We analysed the case series comprising all 24,605 cyclists involved in road crashes in Spain from 2014 to 2017, as recorded in the Spanish Register of Victims of Road Crashes maintained by the Spanish National Directorate of Traffic33. Except for data from two regions (Catalonia and Basque Country), for which information is lacking for 2014 and 2015, this is a nationwide, anonymized police-based database that contains data on every crash recorded by the national police corps in which at least one person was injured. We excluded crashes that occurred in Ceuta and Melilla—Spanish cities located overseas that have no open roads. Because the database is anonymized and maintained by a third party, and there was no intervention, this study was exempt from the requirement to seek informed consent or ethics committee approval.

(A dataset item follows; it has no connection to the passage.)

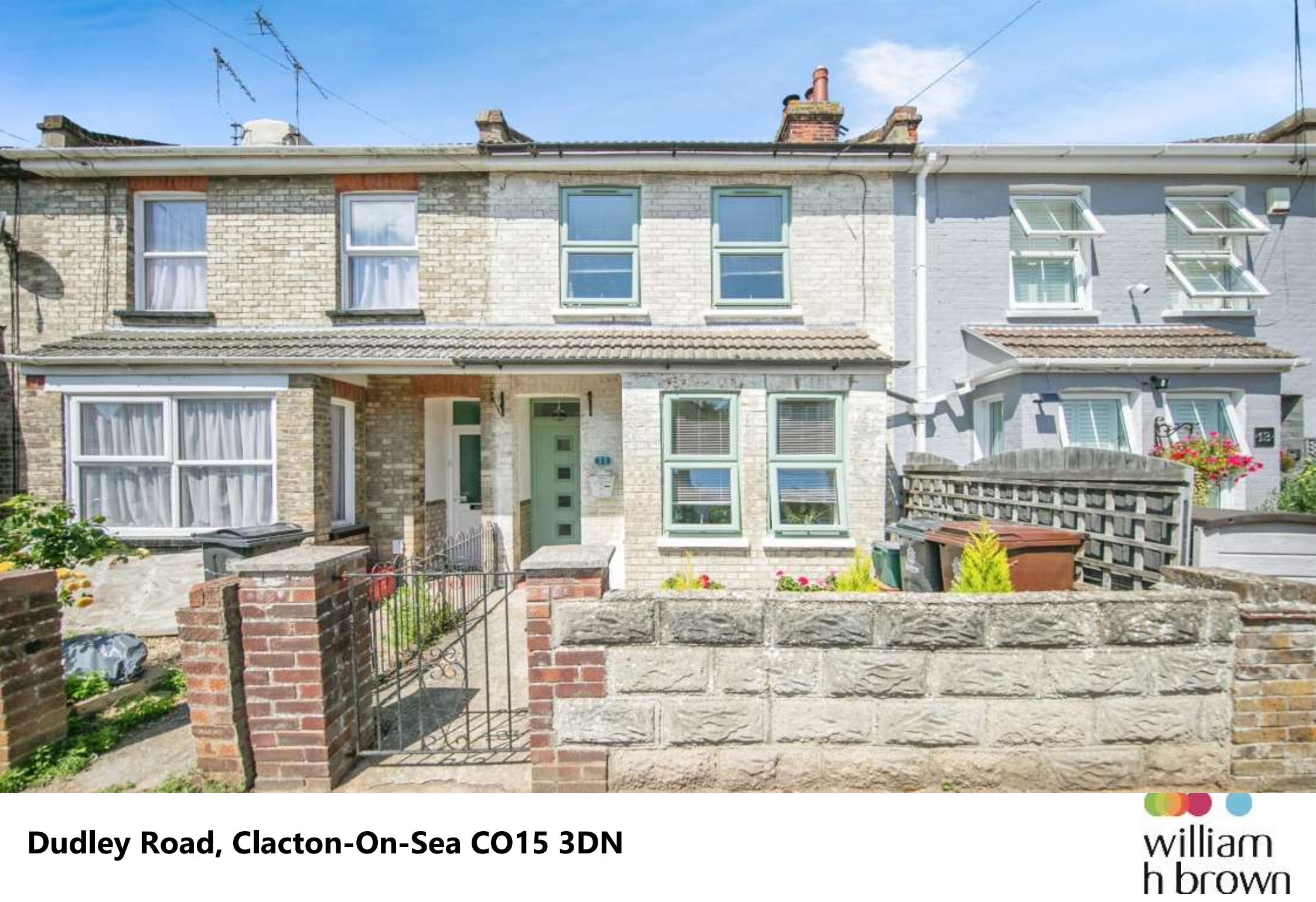
Dudley Road, Clacton-On-Sea CO15 3DN

Our exposure variable was helmet use (yes/no), and our outcome was death within the first 30 days after the crash (yes/no). Other covariates were individual characteristics of the cyclists, and environmental variables. Further information and details on the selection of variables were reported previously17. These variables are summarized in Table 1.

The proportion of missing values for our exposure variable (helmet use) was greater than 25%. Assuming that a non-despicable proportion could have been missed due to a missing-at-random mechanism, we used the Stata´s command ICE34 to implement a multiple imputation procedure with 50 iterations according to the chained equations method proposed by Van Buuren35, as suggested by the existing literature36. We considered that there could be differences in our data nested in the province where the crashed occurred, so a multilevel model was used (with cyclist and province as aggregation levels). Because death was an infrequent outcome, we used Poisson regression modelling to obtain the incidence–density ratio with 95% confidence intervals (IDR; 95% CI) in order to quantify the magnitude of association between helmet use and the risk of death. The estimates for each imputed dataset were combined by applying Rubin´s method with the MIM command34. We obtained crude IDR estimates for the whole sample, and for two strata according to cycling area, and three additional IDR: adjusting (1) only for cycling area, (2) for the remaining variables which could act as confounders, and (3) for all variables. The P value for the interaction term between helmet use and cycling area was obtained in crude and adjusted models. All statistical analyses were done with Stata software v.1437.